Cop Watch

Friday, March 04, 2005

Video Shows Suspect Being Shocked by Taser

TOLEDO -- New video released by the Lucas County Sheriff's Department shows a suspect being shocked with a Taser during his booking. Jeffrey Turner died in January after he was shocked nine times over a 3-hour period.

The video shows the 41-year-old Turner being unruly at the Lucas County Jail's booking desk. "They handcuffed me like this," Turner is heard saying. "They tasered me and shocked me. I didn't do none of that. Oh, God, I don't know why this is happening. It's not fair."

The 6-foot-3, 200-pound man reportedly screamed while pounding on the walls of a holding cell. The tape also shows paramedics removing turner from the jail on a stretcher. Turner later died at St. Vincent Mercy Medical Center in central Toledo. Lucas County's coroner still has not ruled on the cause of Turner's death.

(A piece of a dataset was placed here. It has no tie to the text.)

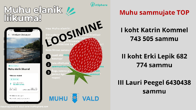 Oktoobris toimus suur sammuvõistlus "Muhu valla eeskujul iga Muhu elanik liikuma!" FitSphere äpp registreeris sammud ning suur tänu osalejatele, järgmine sammuvõistlus juba aastal 2026. ...

"I don't regret seeing it. It's a very touching moment. I'm seeing my brother for the last time. I'll never see him again alive." Jeffrey Turner's brother Shawn watched the surveillance tape last night at the News 11 studios. "He says they took my wallet, they took my money, I didn't do nothing wrong. You see officers laughing in the background like it's a big joke," said Shawn.

Shawn Turner believes what his brother went through at the Lucas County Jail happens often. "They killed him down there. He was crying and pleading for his life and they killed him down there. How can they keep Tasering him like that and not care?"

Shawn couldn't watch the tape anymore after hearing his brother screaming in the background. He says the family wants justice for Jeffrey's death. They think a house-cleaning at the Lucas County Jail will be the only way to prevent deaths in the future.

Jail administrators had no comment on the tape.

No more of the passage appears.